For a while the land of Islam overtook the Byzantines and the rest of Europe which continued to decay in the grip of Christian doctrine, even though we owe the preservation of much classical writing whose highest achievements are, for me, the plays of Euripides to the Byzantines, not to the Muslims. Other factors were also at work. For example, the existence of a unified government encouraged trade and the spices of India and the silk cloths of China passed through the eastern region of Islam on their way to Constantinople and brought much wealth to the region.

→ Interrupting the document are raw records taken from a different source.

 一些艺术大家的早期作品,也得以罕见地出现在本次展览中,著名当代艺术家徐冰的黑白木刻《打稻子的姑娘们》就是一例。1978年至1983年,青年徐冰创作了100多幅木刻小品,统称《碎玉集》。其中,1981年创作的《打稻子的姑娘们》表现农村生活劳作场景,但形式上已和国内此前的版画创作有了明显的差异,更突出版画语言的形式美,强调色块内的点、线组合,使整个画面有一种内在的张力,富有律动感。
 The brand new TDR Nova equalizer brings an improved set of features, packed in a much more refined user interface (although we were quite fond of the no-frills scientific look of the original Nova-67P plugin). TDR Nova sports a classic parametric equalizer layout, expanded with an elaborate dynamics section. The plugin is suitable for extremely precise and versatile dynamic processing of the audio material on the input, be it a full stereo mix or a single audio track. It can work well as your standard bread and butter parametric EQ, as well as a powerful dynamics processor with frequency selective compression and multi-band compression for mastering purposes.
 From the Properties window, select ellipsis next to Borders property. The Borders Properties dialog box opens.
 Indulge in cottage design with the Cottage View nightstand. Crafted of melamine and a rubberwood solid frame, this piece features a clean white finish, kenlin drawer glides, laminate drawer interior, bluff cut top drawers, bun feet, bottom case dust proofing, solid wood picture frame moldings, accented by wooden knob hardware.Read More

But freedom still had severe limits. Only in isolated pockets was it allowed to encroach upon theology or philosophy. Nor did it last long. The theological reform movement of the ninth century was soon suppressed and, in late eleventh century, the great mathematician and free-thinker, Omar Khayyam, became the subject of a death fatwa because "he loves the Greeks, not Islam". This is the age when the Turks, newly arrived as invaders from north-east Asia, establish their rule over the whole of Iran and Iraq and impose the Shari'a law rigorously over the land. The long intellectual decline of 'Islam' which really set in, continues to this day.

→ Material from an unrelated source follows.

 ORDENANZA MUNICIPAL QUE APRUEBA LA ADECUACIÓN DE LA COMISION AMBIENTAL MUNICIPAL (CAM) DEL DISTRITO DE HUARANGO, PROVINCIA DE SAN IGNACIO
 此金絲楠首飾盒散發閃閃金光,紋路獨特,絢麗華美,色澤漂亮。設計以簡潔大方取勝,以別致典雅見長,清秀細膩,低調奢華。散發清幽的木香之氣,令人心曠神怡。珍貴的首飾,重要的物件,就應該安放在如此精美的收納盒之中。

To sum up, then, the Muslims briefly pulled ahead of the west precisely because they were not good Muslims! Their progress was in spite of Islam, not because of it, and it came to a halt as soon as Islam was taken seriously again.
None of the above is included in Bernard Lewis's book. Born in London and now at Princeton university as perhaps the world's most distinguished writer on Islam, he has written a riveting book. It is full of wonderful and important tales from the history of Islam over the past 1300 years to show how the Muslims' victories on the battlefields of western Asia, Africa and Europe made them too proud to want to learn from the despised 'infidel', how they felt humiliated later when they saw the Christians surge ahead in wealth and power, and how they tried to catch up by trying to acquire only the military technique and technical knowledge of the west, not its freedom to speculate where Allah would not allow. But he praises too highly the largely military 'glory' of the 'Golden Age' of Islam, and he does not say openly that only by shedding or downgrading Islam itself as the last and eternal message of God to Mankind would the inhabitants of the land of Islam have much chance of catching up with the rest of humanity.

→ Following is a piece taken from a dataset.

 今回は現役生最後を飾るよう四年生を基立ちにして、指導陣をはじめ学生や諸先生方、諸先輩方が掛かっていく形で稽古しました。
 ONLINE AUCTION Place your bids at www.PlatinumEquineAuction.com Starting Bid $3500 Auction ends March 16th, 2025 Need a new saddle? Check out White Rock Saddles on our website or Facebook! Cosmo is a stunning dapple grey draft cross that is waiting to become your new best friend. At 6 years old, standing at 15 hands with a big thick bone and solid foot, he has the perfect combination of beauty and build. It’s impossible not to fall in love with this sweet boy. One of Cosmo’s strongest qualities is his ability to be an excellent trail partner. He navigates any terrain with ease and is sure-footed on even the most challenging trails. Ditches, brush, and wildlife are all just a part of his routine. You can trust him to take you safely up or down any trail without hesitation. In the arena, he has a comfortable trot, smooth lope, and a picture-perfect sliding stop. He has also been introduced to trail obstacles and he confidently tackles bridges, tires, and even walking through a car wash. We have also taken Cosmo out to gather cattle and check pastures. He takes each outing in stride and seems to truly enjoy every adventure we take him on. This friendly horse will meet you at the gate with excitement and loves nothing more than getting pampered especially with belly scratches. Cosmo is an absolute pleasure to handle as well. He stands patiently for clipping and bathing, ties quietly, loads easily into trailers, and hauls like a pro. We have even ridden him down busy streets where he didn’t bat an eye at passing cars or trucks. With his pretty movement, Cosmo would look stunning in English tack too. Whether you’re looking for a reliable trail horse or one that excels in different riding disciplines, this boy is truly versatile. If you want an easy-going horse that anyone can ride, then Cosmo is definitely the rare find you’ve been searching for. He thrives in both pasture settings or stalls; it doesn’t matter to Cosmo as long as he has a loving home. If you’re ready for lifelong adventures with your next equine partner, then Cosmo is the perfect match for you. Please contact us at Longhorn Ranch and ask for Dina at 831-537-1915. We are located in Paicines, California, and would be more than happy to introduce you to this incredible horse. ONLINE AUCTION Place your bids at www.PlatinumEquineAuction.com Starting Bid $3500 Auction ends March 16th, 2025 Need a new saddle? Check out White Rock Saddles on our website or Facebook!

Even more disappointing is his recipe for the immediate future. He recommends to Muslims to "settle their differences and join their talents, energies and resources in a common creative endeavour to make the Middle East, in modern times as it was in antiquity and the Middle Ages, a major centre of civilisation." Otherwise, he says, the Middle East is in danger of ending "sooner or later in yet another alien domination, perhaps from a new Europe reverting to old ways, perhaps from a resurgent Russia, perhaps from some new, expanding superpower in the East."
Many Muslims would read into this recommendation the prospect of yet another great age of imperialism and the need to unite again militarily to form an empire from Morocco to Indonesia which, by the way, never existed. The only thing such an empire would have in common would be Islam. Otherwise, why would so many diverse peoples and geographical regions want to make common cause?